Tongue- and Hyoid Muscles

Head with mouth anatomy

Image: “Head with mouth anatomy” by Patrick J. Lynch. License: CC BY 2.5

Human Tongue Muscles

The tongue muscles consist of

  • intrinsic tongue muscles and
  • extrinsic tongue muscles

Intrinsic Tongue Muscles

The intrinsic tongue muscles alter the shape of the tongue and are innervated by the hypoglossal nerve, cranial nerve XII. Their respective effect depends on simultaneous contraction of other intrinsic tongue muscles.

The tissue pressure that arises during contraction of the intrinsic tongue muscles works in an antagonistic manner along similar lines to a water cushion.

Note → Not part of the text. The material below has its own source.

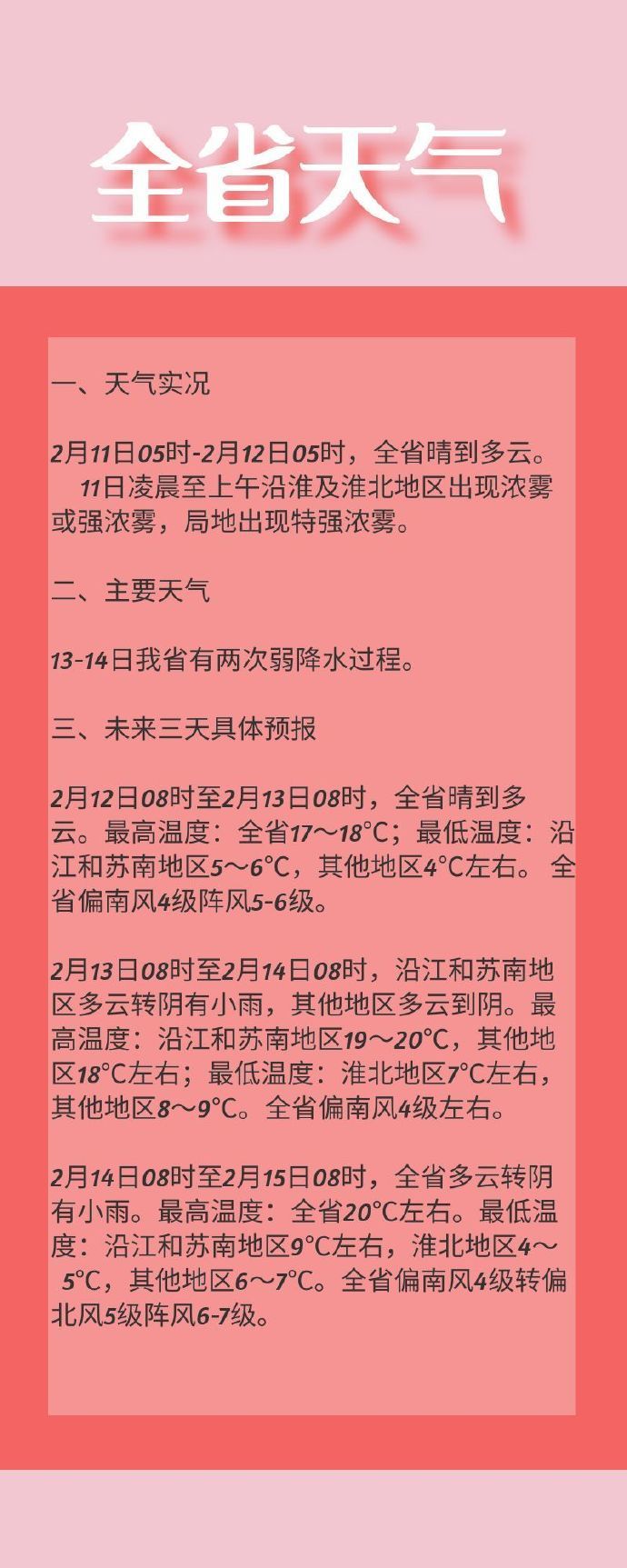 今日全省以多云天气为主,13-14日我省有两次弱降水过程。

The intrinsic tongue muscles consist of the following muscles:

Superior longitudinal The superior longitudinal muscle originates from the apex linguae and inserts at the radix linguae. It can shorten and widen the tongue and elevate the tip of the tongue.
Inferior longitudinal The inferior longitudinal muscle shortens and widens the tongue and depresses the tip of the tongue. The origin and insertion are the same as in the superior longitudinal muscle.
Transverse The origin and insertion of the transverse muscle of the tongue are the lateral edge of the tongue. It is responsible for narrowing and extending the tongue as well as arching the lateral edges of the tongue in an upward direction.
Vertical The task of the vertical muscle of the tongue is to flatten, widen, and lower the tongue. It originates from the lingual aponeurosis and inserts at the lower surface of the tongue.

It can be difficult for some patients to perform certain movements ‘on command’. The activity under investigation can, however, be observed in between various other movements.

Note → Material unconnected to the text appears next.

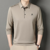 春秋季薄款男式T恤翻领休闲打底衫中年男士长袖宽松上衣
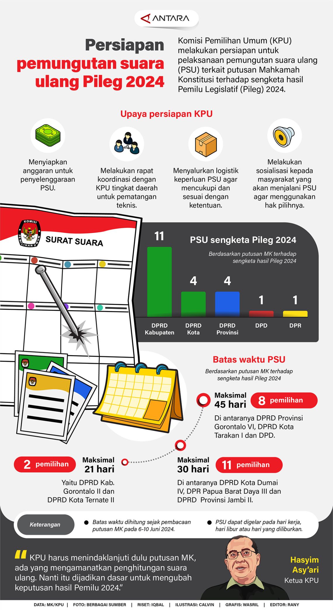 Komisi Pemilihan Umum (KPU) melakukan persiapan untuk pelaksanaan pemungutan suara ulang (PSU) terkait putusan Mahkamah Konstitusi terhadap sengketa hasil Pemilu Legislatif (Pileg) 2024.

Note: Given a lesion of the hypoglossal nerve, the tip of the tongue deviates to the diseased side.

Extrinsic Tongue Muscles

The extrinsic tongue muscles have the task of moving the whole tongue in the oral cavity. Depending on the location of the muscle, the tongue can be moved forwards and backwards and also elevated and depressed.

There are five extrinsic tongue muscles:

Genioglossus muscle The genioglossus muscle originates from the inner surface of the mandible and inserts at the lingual aponeurosis. The muscle pulls the tongue forwards and downwards. Like all the other extrinsic tongue muscles, it also moves the whole tongue in the oral cavity or even out of the cavity if the intrinsic tongue muscles simultaneously perform a longitudinal extension.
Hypoglossus muscle The hypoglossus muscle has its origin at the major horn and the body of the hyoid bone and pulls the tongue base backwards and downwards, which moves food components towards the esophagus. This function immediately follows the initiation of the swallowing process by the styloglossus muscle. The hypoglossus muscle also inserts at the lingual aponeurosis, but on the lateral side.
Chondroglossus muscle The chondroglossus muscle originates from the minor horn of the hyoid bone and runs to the lingual aponeurosis. In terms of its effect, it corresponds to the hypoglossus muscle.
Styloglossus muscle The main task of the styloglossus muscle is to pull the tongue base backwards and upwards. As mentioned, its contraction initiates swallowing after chewing. The food is pushed against the palate so that the swallowing reflex is triggered. The muscle is also important for sucking motions: during sucking, the tongue is pulled back in the oral cavity like the piston of a syringe. It originates from the sytloid process and inserts at the lateral edge of the tongue.
Palatoglossus muscle The palatoglossus muscle elevates the tongue during swallowing. It originates from the palatine aponeurosis and radiates into the intrinsic tongue muscles.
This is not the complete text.